━━━━━ Information provided

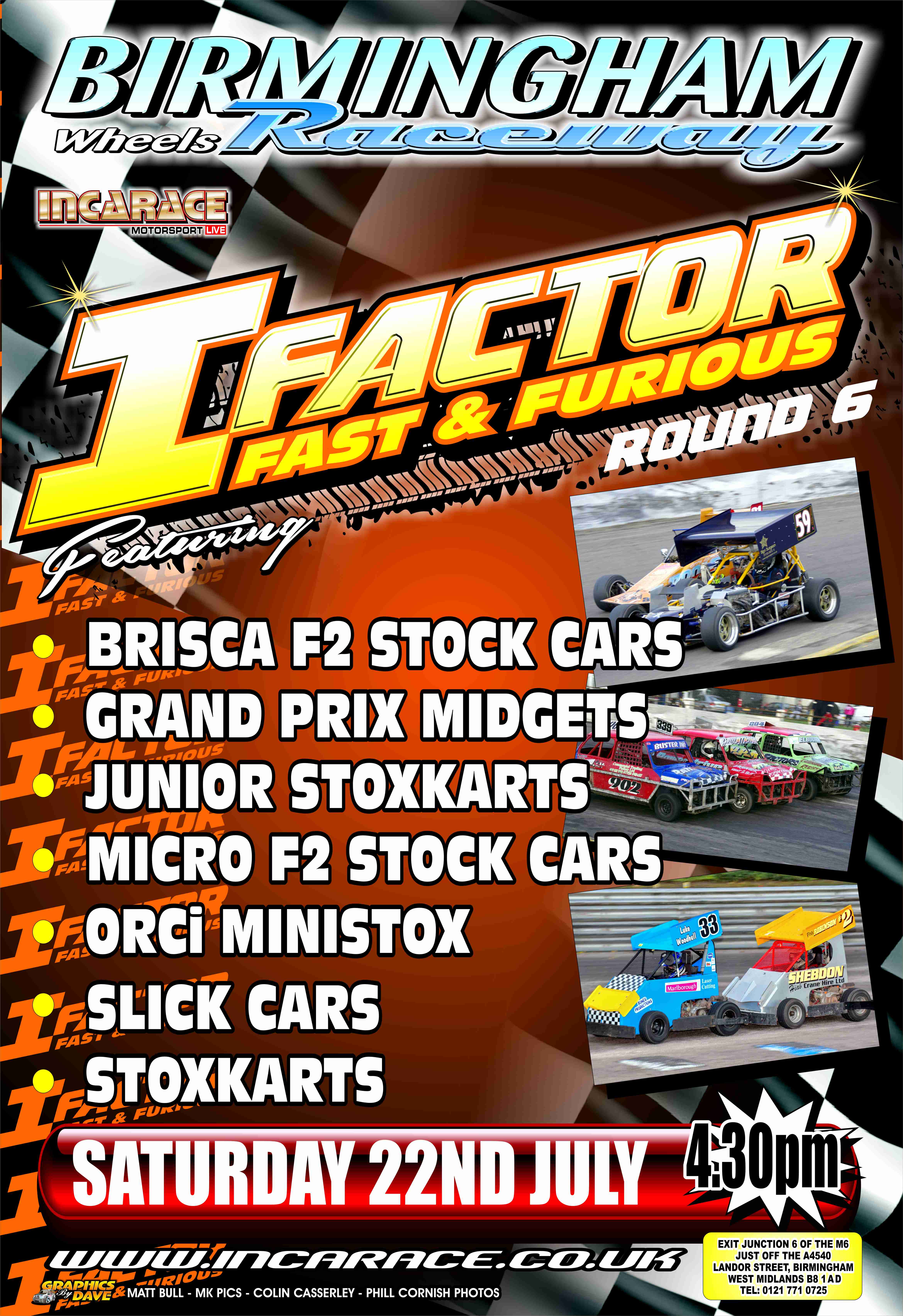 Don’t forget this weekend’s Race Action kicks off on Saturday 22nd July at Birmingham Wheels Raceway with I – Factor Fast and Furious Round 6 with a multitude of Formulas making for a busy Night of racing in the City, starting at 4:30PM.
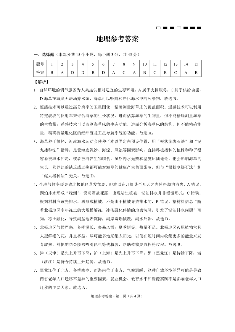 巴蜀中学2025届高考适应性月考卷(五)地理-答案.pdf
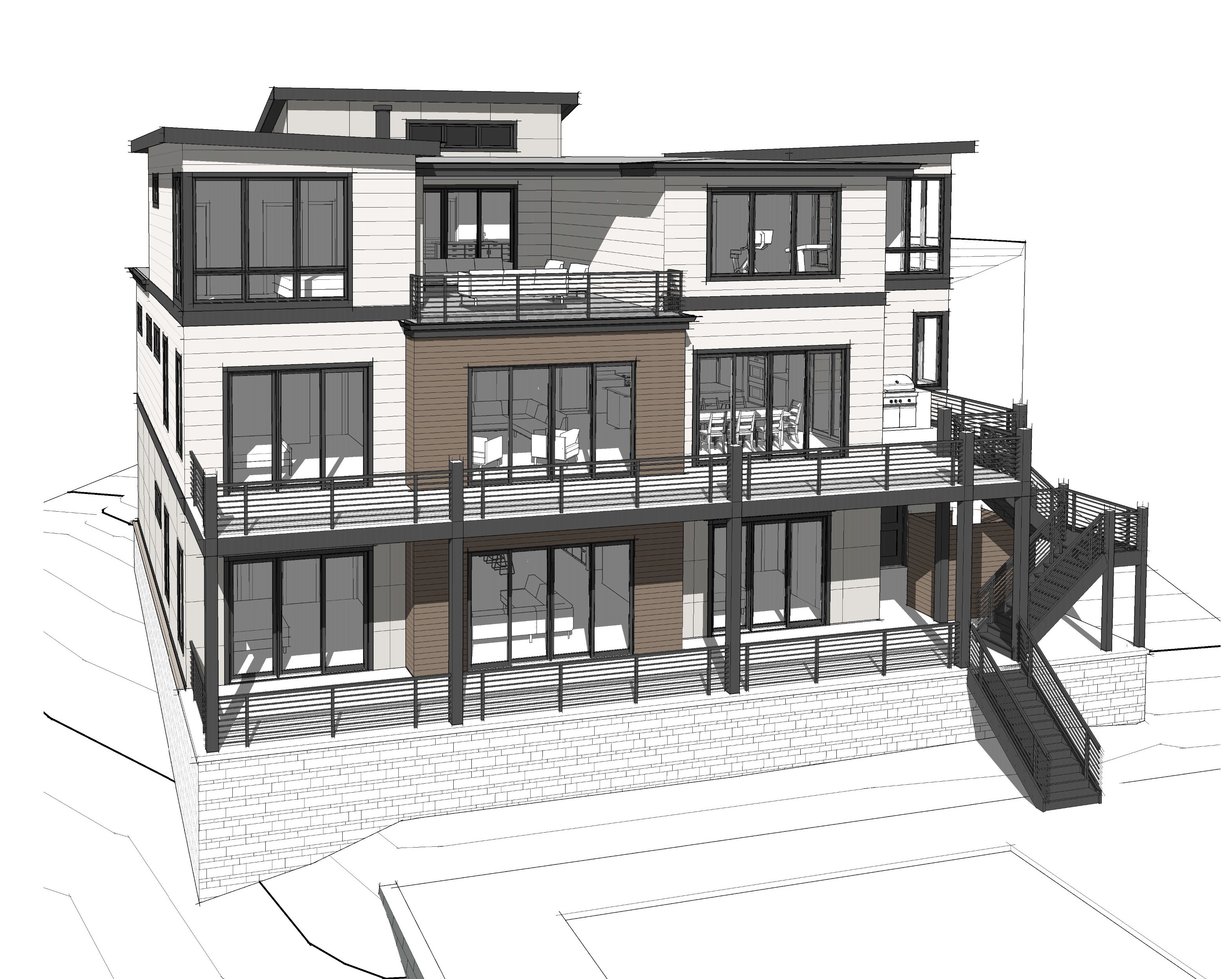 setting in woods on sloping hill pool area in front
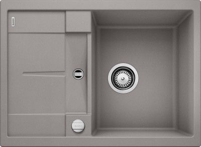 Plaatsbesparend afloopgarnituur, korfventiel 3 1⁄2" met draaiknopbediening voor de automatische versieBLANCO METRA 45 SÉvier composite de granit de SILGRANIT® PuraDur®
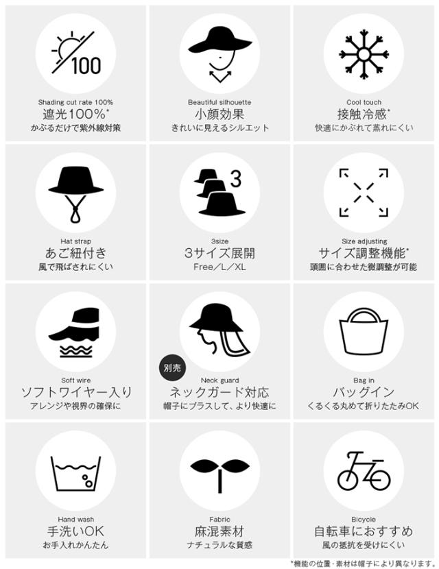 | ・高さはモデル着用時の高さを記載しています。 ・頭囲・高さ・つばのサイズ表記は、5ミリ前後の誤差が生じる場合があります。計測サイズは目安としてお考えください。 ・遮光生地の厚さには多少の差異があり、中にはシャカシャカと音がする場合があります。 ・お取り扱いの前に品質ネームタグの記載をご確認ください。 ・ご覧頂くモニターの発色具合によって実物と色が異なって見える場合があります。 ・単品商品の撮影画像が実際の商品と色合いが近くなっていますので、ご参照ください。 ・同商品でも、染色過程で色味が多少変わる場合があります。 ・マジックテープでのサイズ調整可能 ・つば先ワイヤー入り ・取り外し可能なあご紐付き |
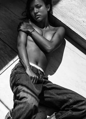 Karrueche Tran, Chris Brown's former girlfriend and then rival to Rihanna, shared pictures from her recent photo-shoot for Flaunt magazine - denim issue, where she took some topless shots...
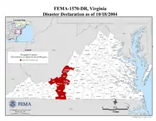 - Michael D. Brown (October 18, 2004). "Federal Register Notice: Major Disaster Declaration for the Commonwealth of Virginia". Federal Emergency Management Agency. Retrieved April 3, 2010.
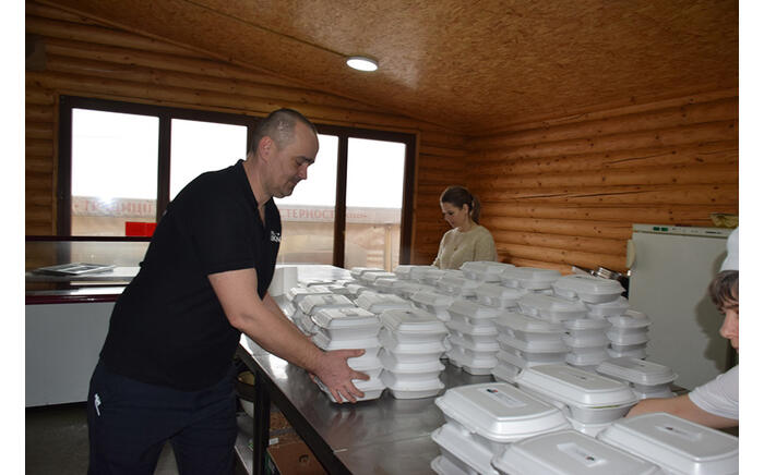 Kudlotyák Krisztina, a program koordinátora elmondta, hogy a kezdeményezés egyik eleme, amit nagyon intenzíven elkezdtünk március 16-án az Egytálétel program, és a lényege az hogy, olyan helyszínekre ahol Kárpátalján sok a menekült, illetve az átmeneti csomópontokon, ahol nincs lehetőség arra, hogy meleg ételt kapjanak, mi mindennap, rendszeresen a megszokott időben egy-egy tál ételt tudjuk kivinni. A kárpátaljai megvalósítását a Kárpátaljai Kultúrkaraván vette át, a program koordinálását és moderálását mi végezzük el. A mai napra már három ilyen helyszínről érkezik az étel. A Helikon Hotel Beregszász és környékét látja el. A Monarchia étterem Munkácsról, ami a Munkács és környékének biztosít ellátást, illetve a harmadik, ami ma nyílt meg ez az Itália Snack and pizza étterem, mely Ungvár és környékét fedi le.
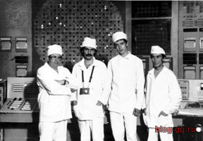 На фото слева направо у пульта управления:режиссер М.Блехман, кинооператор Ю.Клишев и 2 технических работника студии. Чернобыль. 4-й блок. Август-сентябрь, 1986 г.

━━━━━━━━━━

- _What is needed_: What is needed is an exact copy of the records above, with no pictures in it.

- _Exercise response_:
 Don’t forget this weekend’s Race Action kicks off on Saturday 22nd July at Birmingham Wheels Raceway with I – Factor Fast and Furious Round 6 with a multitude of Formulas making for a busy Night of racing in the City, starting at 4:30PM.
 巴蜀中学2025届高考适应性月考卷(五)地理-答案.pdf
 setting in woods on sloping hill pool area in front
 Plaatsbesparend afloopgarnituur, korfventiel 3 1⁄2" met draaiknopbediening voor de automatische versieBLANCO METRA 45 SÉvier composite de granit de SILGRANIT® PuraDur®
 | ・高さはモデル着用時の高さを記載しています。 ・頭囲・高さ・つばのサイズ表記は、5ミリ前後の誤差が生じる場合があります。計測サイズは目安としてお考えください。 ・遮光生地の厚さには多少の差異があり、中にはシャカシャカと音がする場合があります。 ・お取り扱いの前に品質ネームタグの記載をご確認ください。 ・ご覧頂くモニターの発色具合によって実物と色が異なって見える場合があります。 ・単品商品の撮影画像が実際の商品と色合いが近くなっていますので、ご参照ください。 ・同商品でも、染色過程で色味が多少変わる場合があります。 ・マジックテープでのサイズ調整可能 ・つば先ワイヤー入り ・取り外し可能なあご紐付き |
 Karrueche Tran, Chris Brown's former girlfriend and then rival to Rihanna, shared pictures from her recent photo-shoot for Flaunt magazine - denim issue, where she took some topless shots...
 - Michael D. Brown (October 18, 2004). "Federal Register Notice: Major Disaster Declaration for the Commonwealth of Virginia". Federal Emergency Management Agency. Retrieved April 3, 2010.
 Kudlotyák Krisztina, a program koordinátora elmondta, hogy a kezdeményezés egyik eleme, amit nagyon intenzíven elkezdtünk március 16-án az Egytálétel program, és a lényege az hogy, olyan helyszínekre ahol Kárpátalján sok a menekült, illetve az átmeneti csomópontokon, ahol nincs lehetőség arra, hogy meleg ételt kapjanak, mi mindennap, rendszeresen a megszokott időben egy-egy tál ételt tudjuk kivinni. A kárpátaljai megvalósítását a Kárpátaljai Kultúrkaraván vette át, a program koordinálását és moderálását mi végezzük el. A mai napra már három ilyen helyszínről érkezik az étel. A Helikon Hotel Beregszász és környékét látja el. A Monarchia étterem Munkácsról, ami a Munkács és környékének biztosít ellátást, illetve a harmadik, ami ma nyílt meg ez az Itália Snack and pizza étterem, mely Ungvár és környékét fedi le.
 На фото слева направо у пульта управления:режиссер М.Блехман, кинооператор Ю.Клишев и 2 технических работника студии. Чернобыль. 4-й блок. Август-сентябрь, 1986 г.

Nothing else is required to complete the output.